AAIC has cast SIPCOLLC into a defensive posture by pursuing this declaratory judgment action.7 The Court has held that AAIC has a duty to defend SIPCOLLC in the underlying action asserted by Gross and Cerulli. Accordingly, SIPCOLLC is entitled attorneys’ fees incurred in defending the instant action.
III. Conclusion
For the foregoing reasons, the Court grants partial summary judgment to Gross and Cerulli on the duty to defend issue, but denies summary judgment to Gross and Cerulli on the duty to indemnify issue. The Court grants SIPCOLLC’s partial motion for summary judgment seeking a declaration that AAIC is obligated to defend SIPCOLLC against the claims asserted by Gross and Cerulli, and awards SIPCOLLC attorneys’ fees. The Court denies AAIC’s cross-motion for summary judgment in its entirety.
SO ORDERED.
. The suit is styled Maria Gross v. Marianna Cerulli v. Security Income Planners & Co., LLC, a/k/a SIPCO, Security Income Planners Co., Inc. and Jay Hoffman, Index No. 005625/2010 and is pending in the Supreme Court of the State of New York, County of Nassau.
. In addition, although the parties’ Rule 56.1 Statements contain specific citations to the record to support their statements, the Court has cited to the Rule 56.1 Statements, rather than the underlying citation to the record, when utilizing the 56.1 Statements for purposes of this summary of facts.
. The Court refers to Gross and Cerulli’s 56.1 statement as “G & C's 56.1.”
. SIPCOLLC denies that the pages referenced by plaintiff establish that the investigation was of SIPCOLLC. (SIPCOLLC’s Response to PL's 56.1 ¶ 11.)
. SIPCOLLC denies this paragraph, citing the proposed amended verified complaint in the underlying state action. (SIPCOLLC’s Response to PL's 56.1 ¶ 50.) As discussed infra, the Court has considered the amended complaint in connection with this motion.
. SIPCOLLC also argues that the Improper Profit Exclusion does not apply to Hoffcnan because there is a factual dispute as to whether Hoffman was an "Insured” at the time of his conduct. (Mem. of Law in Further Support of SIPCOLLC’s Mot. for Partial Summary Judgment and in Opp. to Pl.’s Cross-Mot. for Summary Judgment at 12.) The Court need not address this argument because SIPCOLLC was indisputably an "Insured” under the AAIC policy, and the basis for the Court’s holding that AAIC has a duty to defend is that SIPCOLLC's alleged negligent supervision of Hoffman did not cause SIPCOLLC to improperly profit.
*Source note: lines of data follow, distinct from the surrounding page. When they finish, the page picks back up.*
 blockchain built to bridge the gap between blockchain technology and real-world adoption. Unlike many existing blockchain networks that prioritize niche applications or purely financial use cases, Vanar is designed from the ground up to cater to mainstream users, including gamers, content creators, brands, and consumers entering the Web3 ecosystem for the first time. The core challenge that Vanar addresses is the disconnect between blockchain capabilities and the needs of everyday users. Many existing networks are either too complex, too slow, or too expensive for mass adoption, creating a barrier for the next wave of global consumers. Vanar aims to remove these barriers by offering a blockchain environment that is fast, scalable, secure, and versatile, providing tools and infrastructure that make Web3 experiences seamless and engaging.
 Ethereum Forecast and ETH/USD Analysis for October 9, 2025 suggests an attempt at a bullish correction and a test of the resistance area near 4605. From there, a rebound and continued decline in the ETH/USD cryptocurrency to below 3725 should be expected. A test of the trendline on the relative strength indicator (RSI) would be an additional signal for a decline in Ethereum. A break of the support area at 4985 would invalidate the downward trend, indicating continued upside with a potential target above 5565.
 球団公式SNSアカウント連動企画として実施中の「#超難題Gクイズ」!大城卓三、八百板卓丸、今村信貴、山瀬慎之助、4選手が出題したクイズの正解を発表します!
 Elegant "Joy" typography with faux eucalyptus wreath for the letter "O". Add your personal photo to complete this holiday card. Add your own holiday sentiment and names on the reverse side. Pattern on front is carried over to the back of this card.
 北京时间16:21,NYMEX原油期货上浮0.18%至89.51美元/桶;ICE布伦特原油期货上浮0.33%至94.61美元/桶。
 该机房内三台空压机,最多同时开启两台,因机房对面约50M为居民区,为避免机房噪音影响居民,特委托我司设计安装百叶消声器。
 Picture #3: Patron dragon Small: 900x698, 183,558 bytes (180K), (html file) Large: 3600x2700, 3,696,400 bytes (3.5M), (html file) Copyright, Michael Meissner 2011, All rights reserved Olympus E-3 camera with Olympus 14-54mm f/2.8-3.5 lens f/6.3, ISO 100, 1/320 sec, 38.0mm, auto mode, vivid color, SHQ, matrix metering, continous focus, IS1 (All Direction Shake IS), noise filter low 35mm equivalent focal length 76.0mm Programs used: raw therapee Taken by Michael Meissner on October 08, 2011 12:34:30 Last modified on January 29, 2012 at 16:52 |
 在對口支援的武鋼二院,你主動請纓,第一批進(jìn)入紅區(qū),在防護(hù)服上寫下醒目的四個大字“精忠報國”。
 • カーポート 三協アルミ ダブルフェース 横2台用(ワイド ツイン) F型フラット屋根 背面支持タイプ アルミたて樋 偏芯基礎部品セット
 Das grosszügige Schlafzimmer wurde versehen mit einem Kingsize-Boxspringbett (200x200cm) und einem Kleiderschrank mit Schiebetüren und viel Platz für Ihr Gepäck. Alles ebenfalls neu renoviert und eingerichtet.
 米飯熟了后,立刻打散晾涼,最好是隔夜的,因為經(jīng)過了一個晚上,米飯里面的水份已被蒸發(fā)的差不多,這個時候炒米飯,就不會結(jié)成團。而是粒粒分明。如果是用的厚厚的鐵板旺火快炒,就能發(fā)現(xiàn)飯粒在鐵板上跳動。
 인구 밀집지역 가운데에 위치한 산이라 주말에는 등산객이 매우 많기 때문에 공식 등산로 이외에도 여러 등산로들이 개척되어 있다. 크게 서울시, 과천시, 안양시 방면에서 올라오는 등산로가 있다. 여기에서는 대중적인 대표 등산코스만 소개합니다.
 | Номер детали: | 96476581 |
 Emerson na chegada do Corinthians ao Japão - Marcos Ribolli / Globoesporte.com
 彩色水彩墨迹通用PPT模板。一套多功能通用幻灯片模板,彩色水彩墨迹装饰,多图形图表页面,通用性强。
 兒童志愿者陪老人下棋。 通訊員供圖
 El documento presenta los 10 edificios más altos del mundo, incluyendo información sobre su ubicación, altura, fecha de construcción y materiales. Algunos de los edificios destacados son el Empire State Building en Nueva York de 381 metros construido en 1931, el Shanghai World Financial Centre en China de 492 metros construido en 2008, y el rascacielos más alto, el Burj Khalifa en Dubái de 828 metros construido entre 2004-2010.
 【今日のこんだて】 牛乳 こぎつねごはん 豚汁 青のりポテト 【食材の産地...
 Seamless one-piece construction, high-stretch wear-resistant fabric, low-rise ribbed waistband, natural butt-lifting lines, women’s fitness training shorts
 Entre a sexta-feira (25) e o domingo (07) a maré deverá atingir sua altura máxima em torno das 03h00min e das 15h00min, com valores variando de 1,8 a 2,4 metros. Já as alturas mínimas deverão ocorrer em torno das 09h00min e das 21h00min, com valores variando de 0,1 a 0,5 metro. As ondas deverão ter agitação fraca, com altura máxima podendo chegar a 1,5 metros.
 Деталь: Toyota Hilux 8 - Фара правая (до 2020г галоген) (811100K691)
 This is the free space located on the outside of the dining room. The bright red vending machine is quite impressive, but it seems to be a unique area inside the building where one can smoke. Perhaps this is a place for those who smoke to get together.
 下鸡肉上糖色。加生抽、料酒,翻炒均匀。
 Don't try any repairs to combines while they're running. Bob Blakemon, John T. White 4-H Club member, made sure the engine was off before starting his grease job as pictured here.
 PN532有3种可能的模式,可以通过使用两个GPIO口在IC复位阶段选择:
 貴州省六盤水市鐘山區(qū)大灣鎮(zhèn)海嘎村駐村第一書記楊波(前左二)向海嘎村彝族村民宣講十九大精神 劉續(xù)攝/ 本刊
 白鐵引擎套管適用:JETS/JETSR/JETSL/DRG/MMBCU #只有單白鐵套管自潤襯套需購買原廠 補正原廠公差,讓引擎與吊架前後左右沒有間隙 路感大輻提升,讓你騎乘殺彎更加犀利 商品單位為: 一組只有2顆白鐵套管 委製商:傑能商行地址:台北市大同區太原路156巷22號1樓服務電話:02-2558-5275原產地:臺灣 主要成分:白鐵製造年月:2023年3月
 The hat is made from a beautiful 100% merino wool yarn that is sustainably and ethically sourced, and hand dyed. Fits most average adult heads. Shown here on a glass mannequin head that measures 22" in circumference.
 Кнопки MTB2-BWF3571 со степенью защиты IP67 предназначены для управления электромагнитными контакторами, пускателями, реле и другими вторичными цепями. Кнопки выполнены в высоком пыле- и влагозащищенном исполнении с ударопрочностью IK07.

Whether Hoffman was insured at the time of his conduct is not relevant to that determination.
. AAIC argues that SIPCOLLC should not be found to have been in a defensive posture with respect to the action SIPCOLLC filed against SIPCOINC and Hoffman in Suffolk County Supreme Court (Security Income Planners & Co., LLC v. Security Income Planners & Co., Inc., and Jay Hoffman, Index No. 41348/2009), because SIPCOLLC is the plaintiff in that action. The Court need not address this issue since SIPCOLLC does not seek coverage for the claims asserted in the lawsuit against SIPCOINC and Hoffman.